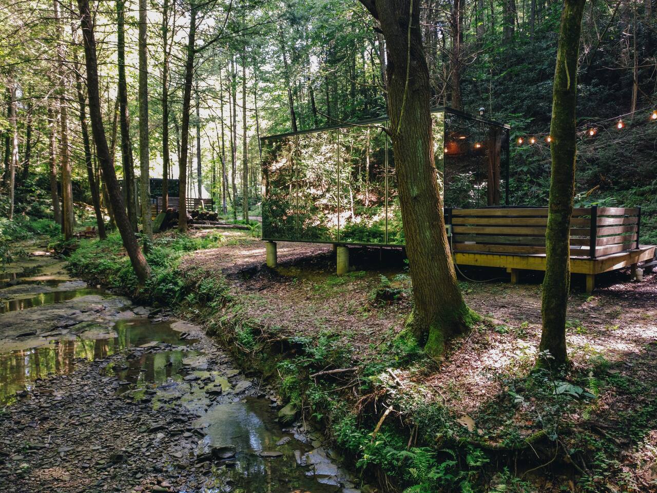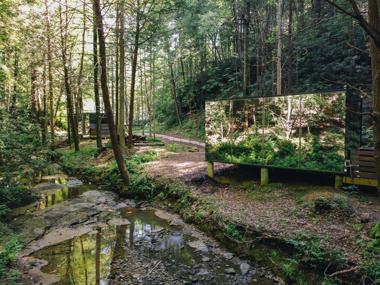Welcome to Nature Rooms! Enjoy a unique creekside stay in Red River Gorge at our glass house, a perfect choice for a luxurious glamping escape. Combining modern style with natural touches, this newly-built space creates a cozy retreat with an amazing mirrored exterior and full window glass interior view. Set on 26 acres of woodlands, and just 15 minutes from Natural Bridge State Park. Come enjoy a one-of-a-kind getaway! *4WD VEHICLES RECOMMENDED*
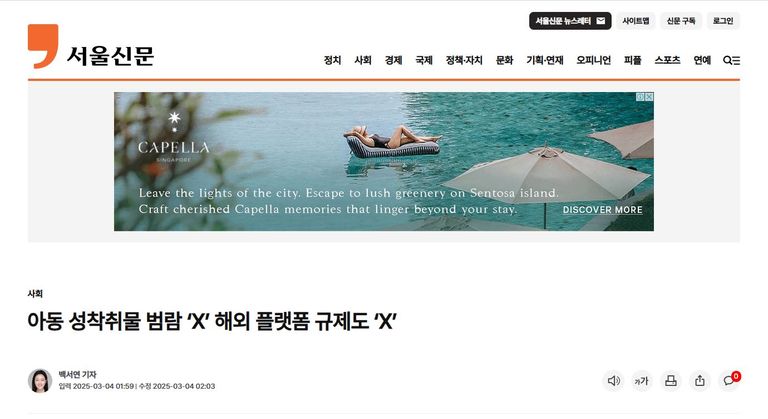 이처럼 X에 검색어만 넣으면 아동 등을 대상으로 한 성착취 영상을 손쉽게 시청할 수 있는데도 해외 플랫폼에 대한 수사가 어려워 ‘사각지대’에 놓여 있다는 지적이 제기된다. 또 수사를 통해 적발하더라도 게시자나 이용자가 사전에 이런 불법 영상임을 알고 찾아봤다는 점을 입증하기가 어려워 처벌도 쉽지 않다는 게 법조계의 우려다.
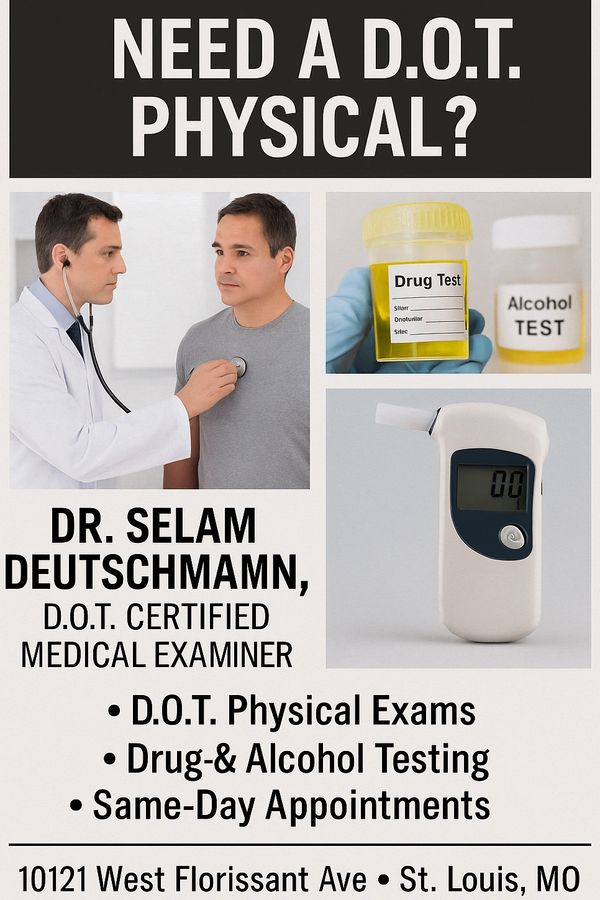 Dr. Selam Deutschmann, DC, is a certified medical examiner providing DOT physicals, drug, and alcohol screenings for drivers from both large and small companies, including major carriers such as Swift Transportation and Schneider National.
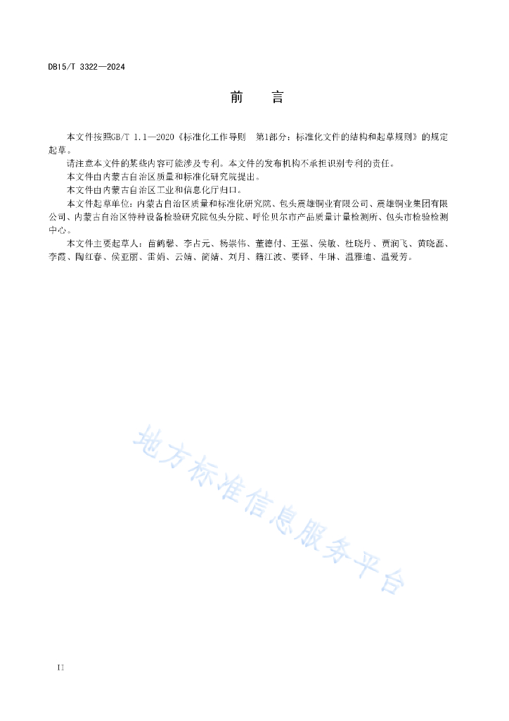内蒙古自治区质量和标准化研究院、包头震雄铜业有限公司、震雄铜业集团有限公司、内蒙古自治区特种设备检验研究院包头分院、呼伦贝尔市产品质量计量检测所、包头市检验检测中心

WORK REQUIRED:
All of the material above is to be retyped exactly, with no pictures included.

OUTPUT OF THE EXERCISE:
Welcome to Nature Rooms! Enjoy a unique creekside stay in Red River Gorge at our glass house, a perfect choice for a luxurious glamping escape. Combining modern style with natural touches, this newly-built space creates a cozy retreat with an amazing mirrored exterior and full window glass interior view. Set on 26 acres of woodlands, and just 15 minutes from Natural Bridge State Park. Come enjoy a one-of-a-kind getaway! *4WD VEHICLES RECOMMENDED*
 이처럼 X에 검색어만 넣으면 아동 등을 대상으로 한 성착취 영상을 손쉽게 시청할 수 있는데도 해외 플랫폼에 대한 수사가 어려워 ‘사각지대’에 놓여 있다는 지적이 제기된다. 또 수사를 통해 적발하더라도 게시자나 이용자가 사전에 이런 불법 영상임을 알고 찾아봤다는 점을 입증하기가 어려워 처벌도 쉽지 않다는 게 법조계의 우려다.
 Dr. Selam Deutschmann, DC, is a certified medical examiner providing DOT physicals, drug, and alcohol screenings for drivers from both large and small companies, including major carriers such as Swift Transportation and Schneider National.
内蒙古自治区质量和标准化研究院、包头震雄铜业有限公司、震雄铜业集团有限公司、内蒙古自治区特种设备检验研究院包头分院、呼伦贝尔市产品质量计量检测所、包头市检验检测中心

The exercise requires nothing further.